Le procès intenté aux présumés pirates somaliens pour acte de piraterie en haute mer s’est poursuivi aujourd’hui en Cour intermédiaire. Le Boarding Officer de la force navale américaine Fred Hendricks devait à cette occasion confirmer que, lors de l’interpellation des présumés pirates, aucune arme n’avait été retrouvée à bord.
Le procès des présumés pirates somaliens s’est poursuivi en Cour intermédiaire devant les magistrats Azam Neerooa et Wendy Rangan. L’occasion d’entendre le Boarding Officer de la force navale américaine Fred Hendricks, lequel a confirmé qu’aucune arme n’avait été retrouvée à bord du bateau lors de l’interpellation des présumés pirates.
L’officier américain, qui compte 4 ans de services dans le domaine – et qui avait déjà été confronté à des cas de pirateries –, a en effet affirmé, lors de son contre-interrogatoire, qu’aucun « outil » de piraterie ne se trouvait sur le bateau. Idem pour les « outils » de pêche. Seuls des tonneaux ont été découverts. Cependant, tout porte à croire que les suspects sont bien des pirates, ne serait-ce que par l’endroit où ils ont été interceptés.
La défense a alors demandé à l’officier si, pour une opération pirate, les assaillants sont supposés être des « experts », bénéficiant d’un « savoir-faire » pour s’adonner à cet acte. A la suite de quoi l’officier a simplement répondu qu’un bateau et des armes suffisent. Aussi la défense lui a-t-elle demandé les raisons de ses soupçons, le bateau se trouvant alors seul en haute mer et aucune arme n’ayant été retrouvée à bord. L’officier a alors expliqué que le bateau américain avait reçu un appel de détresse du MSC Jasmine, rapportant une tentative d’attaque de pirates. A la suite de quoi le navire de la marine américaine avait traqué le bateau. En sus de cela, s’il s’agissait d’un navire de pêche, l’officier rappelle qu’aucun équipement à cette intention n’a été découvert. Et d’ajouter que le navire ne disposait pas non plus de matériel de navigation, ce à quoi la défense a répondu que les accusés se dirigeaient en se servant des techniques traditionnelles de pêche.

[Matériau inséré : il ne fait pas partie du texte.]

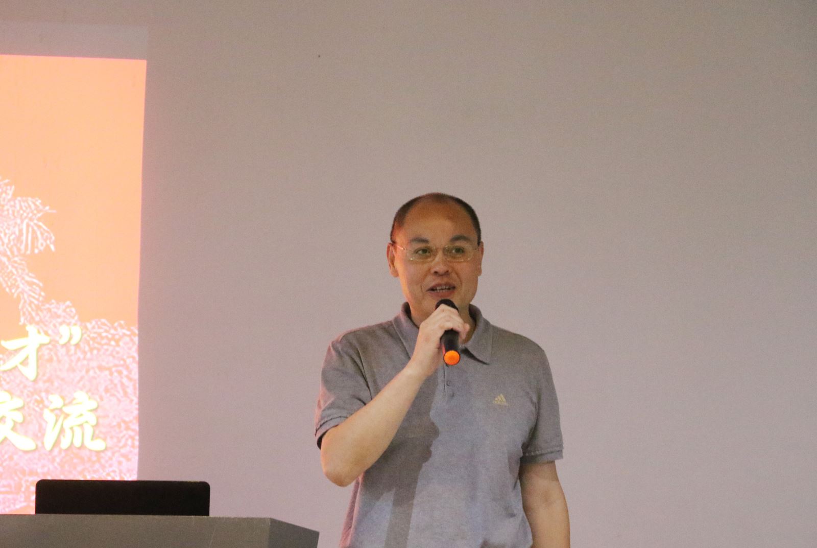 图为:我校信息工程学院院长陈政石介绍学校和学院发展概况

Lorsque la défense a déploré que ses clients aient été soupçonnés sur la base de simples présomptions, l’officier a rétorqué qu’après l’appel de détresse, le seul bateau visible sur leur radar était celui des présumés pirates somaliens. Enfin, lorsque la défense lui a demandé les raisons pour lesquelles il avait attendu 4 jours avant de consigner sa version des faits, Fred Hendricks a répondu avoir dû contacter les autorités concernées pour confirmer les détails exacts de l’arrestation.